Any Member tendering an Interest pursuant to the Offer may withdraw its tender as described in (vi) above. To be effective, any notice of withdrawal must be timely received by BNY at the address or one of the fax numbers or the email address set forth on page 2 of the Offer. A form to use to give notice of withdrawal of a tender is available by calling BNY at the telephone numbers set forth on page 2 of the Offer. A tender of an Interest properly withdrawn will not thereafter be deemed to be tendered for purposes of the Offer. However, subsequent to the withdrawal of a tendered Interest, the Interest may be tendered again prior to the Expiration Date by following the procedures described above.
(viii) For purposes of the Offer, the Fund will be deemed to have accepted (and thereby purchased) Interests that are tendered when it gives written notice to the tendering Member of its election to purchase such Member's Interest.
(ix) If more than $491.67 million of Interests are duly tendered to the Fund prior to the Expiration Date and not withdrawn, the Fund may, in its sole discretion: (a) accept the additional Interests permitted to be accepted pursuant to Rule 13e-4(f)(1)(ii) under the Securities Exchange Act of 1934, as amended (the "1934 Act"); or (b) amend and extend the Offer to increase the amount of Interests that the Fund is offering to purchase.
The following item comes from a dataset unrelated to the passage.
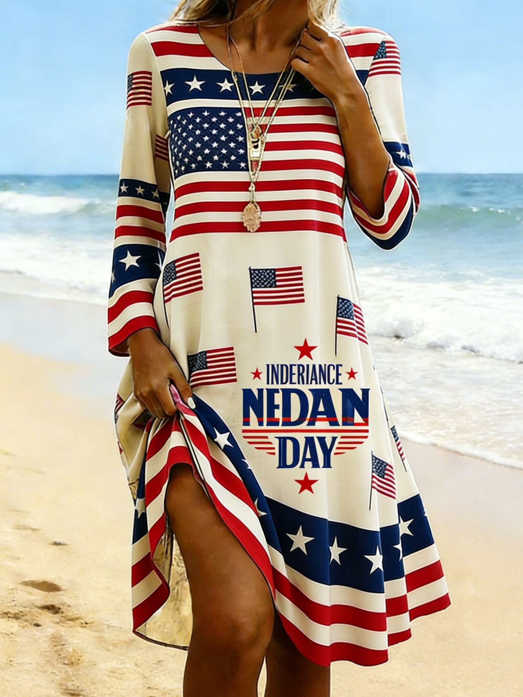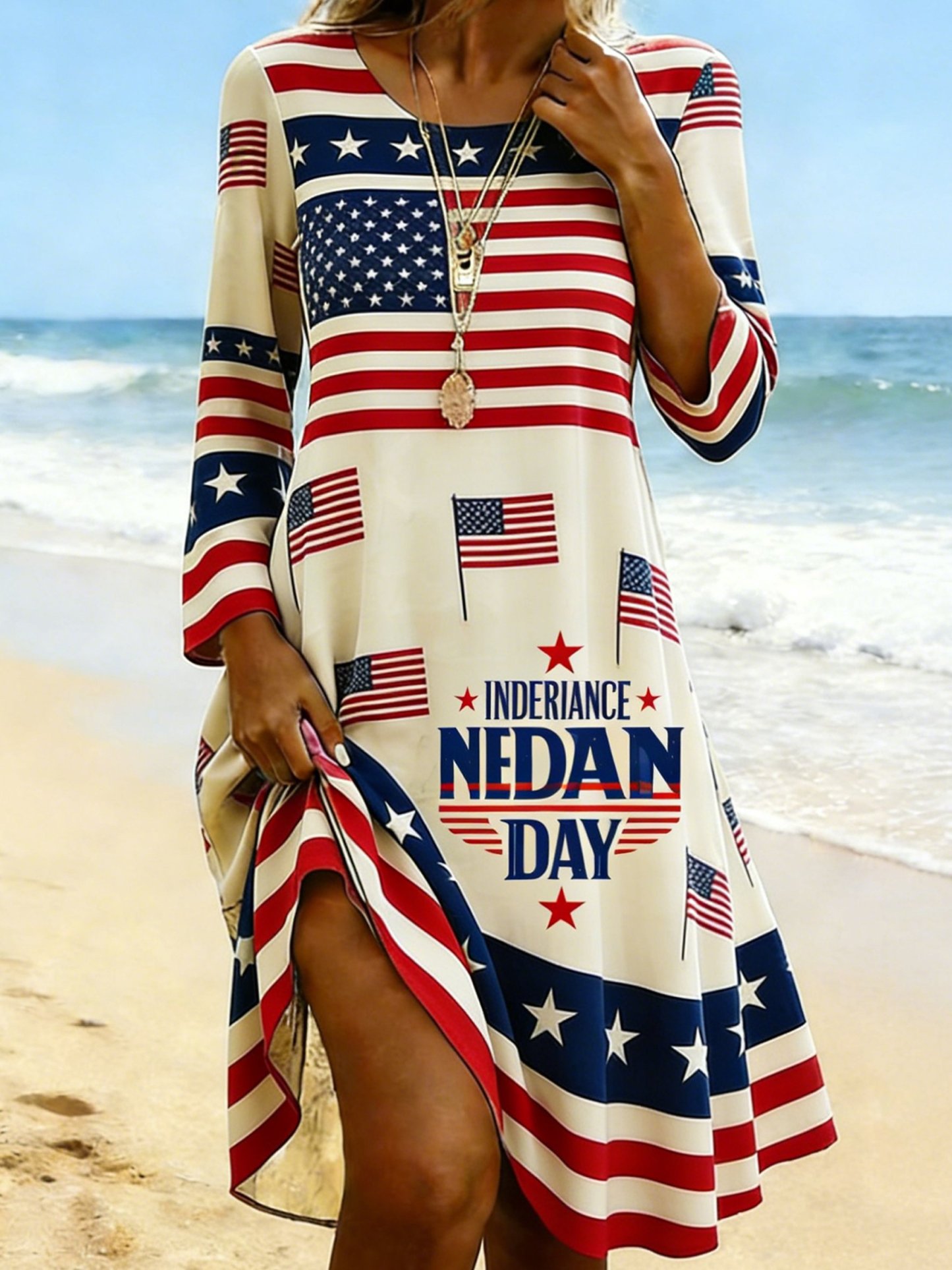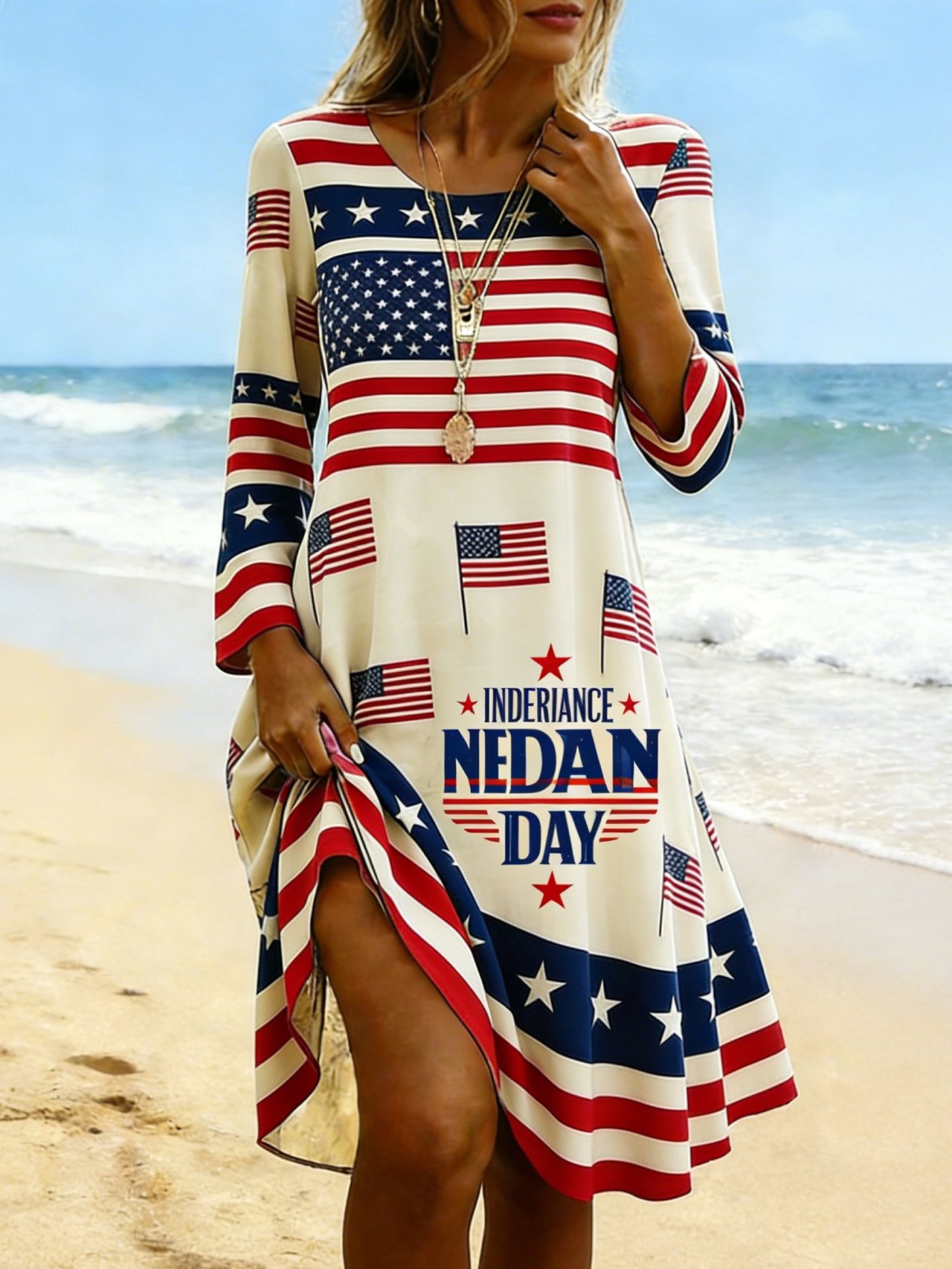 Women Spring Summer Dress America Flag Crew Neck 250th Anniversary Dress

In the event the amount of Interests duly tendered exceeds the amount of Interests the Fund has offered to purchase pursuant to the Offer or any amendment thereof (including the amount of Interests, if any, the Fund may be willing to purchase as permitted by Rule 13e-4(f)(1)(ii) under the 1934 Act), the Fund will accept Interests duly tendered on or before the Expiration Date for payment on a pro rata basis based on the aggregate net asset value of tendered Interests. The Offer may be extended, amended, canceled or postponed in various other circumstances described in (v) above.
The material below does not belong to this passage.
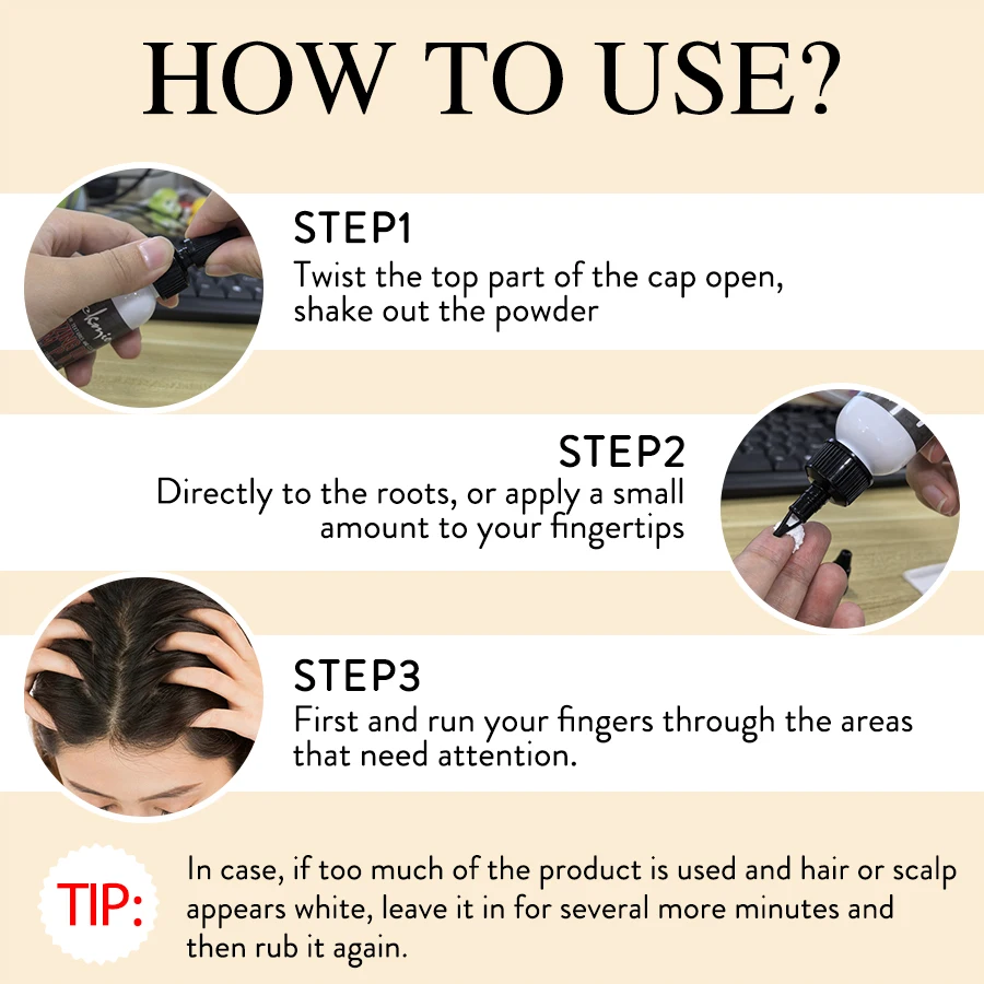 First and run your fingers through the areas that need attention.In case, if too much of the product is used and hair or scalp.

(x) The purchase of Interests pursuant to the Offer will have the effect of increasing the proportionate interest in the Fund of Members that do not tender Interests. Members that retain their Interests may be subject to increased risks that may possibly result from the reduction in the Fund's aggregate assets resulting from payment for the Interests tendered. These risks include the potential for greater volatility due to decreased diversification. However, the Fund believes that this result is unlikely given the nature of the Fund's investment program. A reduction in the aggregate assets of the Fund may result in Members that do not tender Interests bearing higher costs to the extent that certain expenses borne by the Fund are relatively fixed and may not decrease if assets decline. These effects may be reduced or eliminated to the extent that additional subscriptions for Interests are made by new and existing Members on December 1, 2023 and thereafter from time to time.
(xi) Not applicable.
(xii) The following discussion is a general summary of the federal income tax consequences of the purchase of Interests by the Fund from Members pursuant to the Offer. Members should consult their own tax advisors for a complete description of the tax consequences to them of a purchase of their Interests by the Fund pursuant to the Offer.
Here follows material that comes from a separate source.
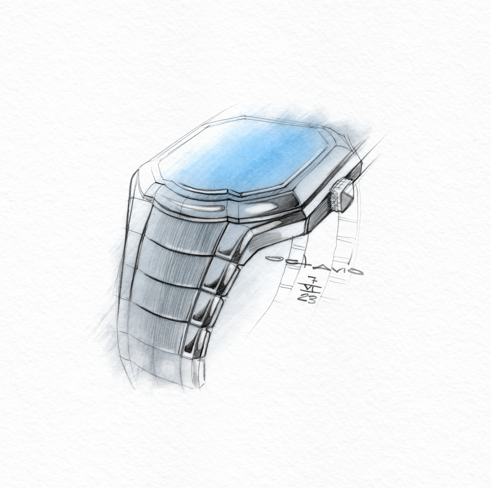 Inspired by the last 11 years of Genta’s sketches and drawings, the Masterlink is a tribute to his enduring vision. The bracelet’s alternating satin and polish finishes, along with the invisible clasp, reflect a meticulous attention to detail. The dial, with its new indices, hands, and minute markers, offers perfect legibility and an aesthetic that commands a second glance.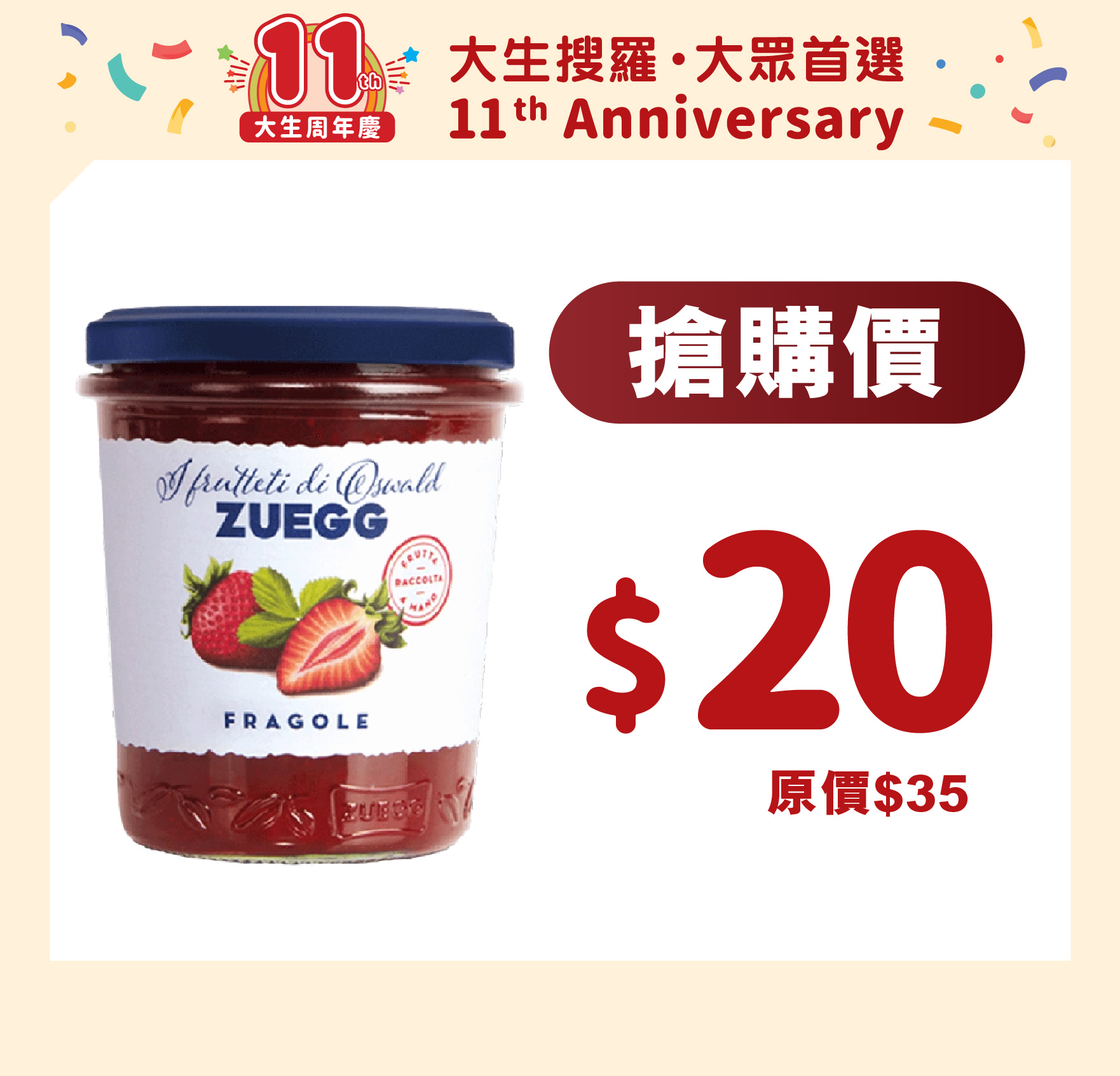 意大利ZUEGG士多啤梨果醬 320g

In general, a Member from which an Interest is purchased by the Fund will be treated as receiving a distribution from the Fund. Such Member generally will not recognize income or gain as a result of the purchase, except to the extent (if any) that the amount of cash (or to the extent applicable, marketable securities treated as cash) received by the Member exceeds such Member's then adjusted tax basis in the Member's Interest. A Member's basis in such Interest will be adjusted for income, gain or loss allocated (for tax purposes) to such Member for periods prior to the purchase of such Interest. Cash distributed to a Member in excess of the adjusted tax basis of such Member's Interest is taxable as a capital gain or ordinary income, depending on the circumstances. A Member that has its entire Interest purchased by the Fund generally may recognize a loss, but only to the extent that the amount of cash received from the Fund is less than the Member's then adjusted tax basis in such Member's Interest.
ITEM 5. | PAST CONTRACTS, TRANSACTIONS, NEGOTIATIONS AND AGREEMENTS WITH RESPECT TO THE ISSUER'S SECURITIES. |
The Fund's Confidential Memorandum, as supplemented (the "Confidential Memorandum"), and the LLC Agreement, which were provided to each Member in advance of subscribing for Interests, provide that the Board of Managers has the discretion to determine whether the Fund will purchase Interests from Members from time to time pursuant to written tenders. In determining whether the Fund should repurchase Interests or portions thereof from Members pursuant to written tenders, the Board of Managers considers the recommendation of the Adviser. The Adviser expects that it will recommend to the Board of Managers that the Fund purchase Interests from Members twice each year, effective at the end of June and at the end of December. The Adviser has recommended, and the Board of Managers has approved, this Offer commencing as of November 17, 2023. The Fund previously offered to purchase Interests from Members pursuant to written tenders effective as of December 31, 1999 and June 30 and December 31 of 2000 through June 2023.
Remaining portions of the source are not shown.